On a, perhaps, more tangible note, we are already using specialist models, such as Veo3, Sora (now retired), Kling, and more. These diffusion models for image, video, and even audio synthesis are proof that specialisation and capability leaps occur precisely because they are not trying to be general in the context of the outcomes they generate.
These specialist models will also become very useful in the quest to democratise access to data, for example. Two years ago, I would not have let a marketer anywhere near BigQuery, for example; they would have had to request analysis or mini data pulls.
But now with a specialist BigQuery LLM - they can talk to data, and get actionable insights much more quickly all with minimal tooling. In fact, just as I was putting together final edits, Google released a specialist BigQuery Gemini model which will further help you to talk to data.Bottom line, you will see specialists pop up everywhere.
Example: The Human-Computer Interaction Changes
Another manifestation of LLMs and their spin off capabilities is how we engage with machines. Enabling a solution like Wispr Flow, which is finally removing the friction that existing Human-Computer Interfaces (HCI) impose on getting things done.

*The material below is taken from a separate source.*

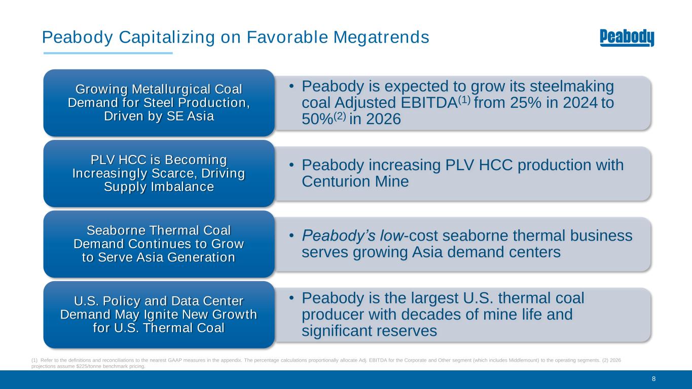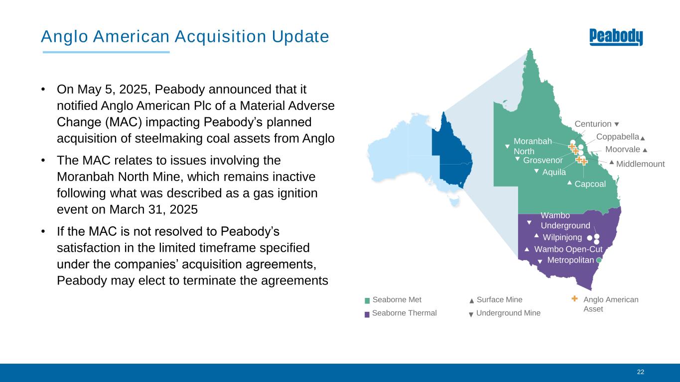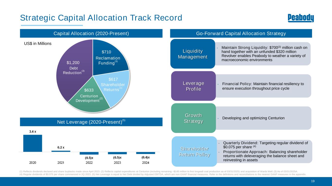 2 Important Information This presentation contains forward-looking statements within the meaning of the securities laws. Forward-looking statements can be identified by the fact that they do not relate strictly to historical or current facts. They often include words or variation of words such as "expects,” "anticipates," "intends," "plans," "believes," "seeks," "estimates," "projects," "forecasts," "targets," "would," "will," "should," "goal," "could" or "may" or other similar expressions. Forward-looking statements provide the Company’s current expectations or predictions of future conditions, events or results. All statements that address operating performance, events, or developments that may occur in the future are forward-looking statements, including statements regarding the status of the acquisition of assets and businesses associated with Anglo American’s metallurgical coal portfolio in Australia, Peabody’s shareholder return framework, execution of Peabody's operating plans, market conditions, reclamation obligations, financial outlook, and other acquisitions and strategic investments, and liquidity requirements. They may include estimates of sales and other operating performance targets, potential synergies cost savings, capital expenditures, other expense items, actions relating to strategic initiatives, demand for the company’s products, liquidity, capital structure, market share, industry volume, other financial items, descriptions of management’s plans or objectives for future operations and descriptions of assumptions underlying any of the above. All forward-looking statements speak only as of the date they are made and reflect Peabody’s good faith beliefs, assumptions and expectations, but they are not guarantees of future performance or events. Furthermore, Peabody disclaims any obligation to publicly update or revise any forward-looking statement, except as required by law. By their nature, forward-looking statements are subject to risks and uncertainties that could cause actual results to differ materially from those suggested by the forward-looking statements. Factors that might cause such differences include, but are not limited to, a variety of economic, competitive, and regulatory factors, many of which are beyond Peabody's control, that are described in Peabody's periodic reports filed with the SEC including its Annual Report on Form 10-K for the fiscal year ended Dec. 31, 2024 and Quarterly Report on Form 10-Q for the quarter ended March 31, 2025 and other factors that Peabody may describe from time to time in other filings with the SEC. You may get such filings for free at Peabody's website at www.peabodyenergy.com. You should understand that it is not possible to predict or identify all such factors and, consequently, you should not consider any such list to be a complete set of all potential risks or uncertainties. This presentation also contains non-GAAP financial measures. The Company has provided a reconciliation of such non-GAAP financial measures to the most directly comparable financial measures prepared in accordance with U.S. GAAP in the Appendix to this presentation.

Up until now, dictation and voice control solutions were as pleasant an experience as going to the dentist, as anyone who used Dragon voice-to-text in the 90s will know.In fact, one of the AI specialist models is voice-to-text. The spin off from the AI arms race is that we now have very cheap access to long voice-to-text, something we did not have in 2023.
We can now in a ‘system of work’ use voice reliably. Voice inputs recorded over time were used, for example, to synthesise the first draft of this article. Where many voice notes and observations were recorded walking around my kitchen and collated with the help of AI.
Capability Through Orchestration of Specialist Models
The third capability driver is orchestration. The orchestration of specialist models is one of the most interesting directions for realising productivity gains and enabling symbiotic human/AI work in SMEs. The specialisation drive does not stop at the models themselves but extends to the platforms we use as a result.

Platform providers are building out their agentic interfaces - basically making them AI-ready - using the Model Context Protocol. This produces even more useful outcomes as my own case study below shows.
Composing AI enabled Systems of Work
Composing what I call these AI-enabled systems of work is very different to buying a platform that supposedly helps you create things with AI. Only by composing a system of work that fits your intent, your business values, and the product you're creating will you get the maximum benefit.
And the ability to join up and create these systems of work is significantly easier today than it was even two years ago, with the maturing of protocols like the Model Context Protocol (MCP).
Think of it as one of the emerging fundamental enablers, just as APIs and JSON were integral to the manifestation of the modern digital world in enabling cloud based platforms to communicate.
Over the last 18 months experimenting to build the foundations of this site Digitising Events has shown me that enterprises will only start to see performance gains by exploding our current work systems [link to my article] and reconstructing them with AI woven into the fabric. Not as a human replacement but as an enabler.
By thinking of the adoption of AI in this way and not just focusing on chatbots and their utility, there is a lot more we can get out of this technology beyond videos of cats on the moon, or indeed, gleeful announcements of job cuts. The accessibility of AI will fundamentally change our systems of work.